No. 15878. September 6, 1947. Rehearing denied October . 17, 1947.

1. Under the law as laid down in the former decision as to reformation, the judge did not err in overruling the demurrer to the answer and cross-action as amended; and this is true although the rulings of law as then made by this court did not relate to any ruling of the trial judge as to the sufficiency of the answer, but were made only upon exceptions to the refusal of an interlocutory injunction. Georgia Ry. & Power Co. v. Decatur, 153 Ga. 329 (2, 3) (111 S. E. 911) ; Bryant v. State, 197 Ga. 641, 645 (30 S. E. 2d, 259).

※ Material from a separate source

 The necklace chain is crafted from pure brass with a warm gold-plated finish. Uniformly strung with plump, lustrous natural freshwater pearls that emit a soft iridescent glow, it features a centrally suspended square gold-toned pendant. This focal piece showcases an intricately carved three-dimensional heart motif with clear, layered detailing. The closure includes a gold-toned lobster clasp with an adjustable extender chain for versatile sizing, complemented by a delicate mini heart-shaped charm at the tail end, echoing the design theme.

2. “The testimony of a party who offers himself as a witness in his own behalf is to be construed most strongly against him, when it is self-contradictory, vague, or equivocal.” Shepard v. Chappell, 29 Ga. App. 6 (2) (113 S. E. 23). Applying this rule, it appears without dispute from the plaintiff’s own testimony that in his agreement with the defendant he bargained for the land without the timber, did not pay for the timber, and was not to have it. The defendant also testified that it was not his intention to sell the timber. In these circumstances, it conclusively appears that the plaintiff was not in position to seek affirmative equitable relief such as injunction, and the court properly directed a verdict for the defendant as to that issue. Code, § 37-104.

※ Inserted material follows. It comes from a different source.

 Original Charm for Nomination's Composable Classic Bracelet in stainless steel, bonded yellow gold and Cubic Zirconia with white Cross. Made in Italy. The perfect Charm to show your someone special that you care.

3. Under the pleadings and the evidence, however, and especially the testimony of the defendant himself as to his reason or excuse for not inserting a reservation clause in the deed, the verdict in his favor for the affirmative equitable relief of reformation as sought by him was not demanded, and the court therefore erred in directing the jury to find in his favor for such relief. Code, §§ 37-211, 37-212; Werner v. Rawson, 89 Ga. 619 (2) (15 S. E. 813) ; Green v. Johnson, 153 Ga. 738 (3) (113 S. E. 402) ; J. Kuniansky Inc. v. Ware, 192 Ga. 488, 491 (4) (15 S. E. 2d, 783).

(a) The ruling just made is not contrary to the former decision, since it did not involve any determination as to whether the defendant was as a matter of law entitled to the relief of reformation, regardless of any issue as to negligence on his part.

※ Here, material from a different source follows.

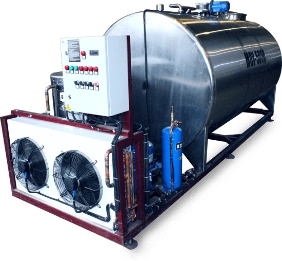 Установка используется на молочно-товарной ферме для охлаждения парного молока. Смонтирована одним блоком и полностью готова к работе. - Внутренняя и внешняя стенки молочного танка выполнены из пищевой нержавеющей стали марки AISI-304. Все соединения сварены аргонно-дуговой сваркой с поддувом с двух сторон; - Толщина внутренней стенки 2 мм, внешней обшивки 2 мм (AISI 304) ; - Испаритель изготовлен из нержавеющей стали, 3 +1 мм. Соединение испарителя микроплазменной сваркой; - Теплоизоляция выполнена из экологически безопасного теплоизоляционного материала - пенополиуретана, толщина 50 мм; - Слив обеспечивает полное опорожнение молочного танка; - Установлена вращающаяся дисковая моющая головка из нержавеющей стали AISI 304; - Выходной патрубок для продукции - резьбовое ДУ40, сварка орбитальной сваркой (Orbitec, ЧПУ, Germany) ; - Верхнее исполнение: люк на 500 мм, открывающаяся крышка на газлифтах, поворотная крышка; - Компрессор Bitzer(Germany) , Maneurop (Danfoss, оригинальные компрессоры) c тепловой защитой трехфазных компрессоров; - Контроллер для управления системы охлаждения и мешалки - EVCO (Италия) . Изготовиим молокоохладители необходимого Вам объема и конструкции.

4. Under the preceding rulings, the judgment overruling the demurrers to the answer as amended, and the direction of the verdict against the plaintiff as to injunction, will be affirmed, while the direction in favor of the defendant as to reformation will be reversed.

Judgment affirmed in part, and reversed in part.

All the Justices concur, except Wyatt, J., who took no part in the consideration or decision of this case. Jesse M. Sellers, for plaintiff. J. Ralph Rosser and James Maddox, for defendant.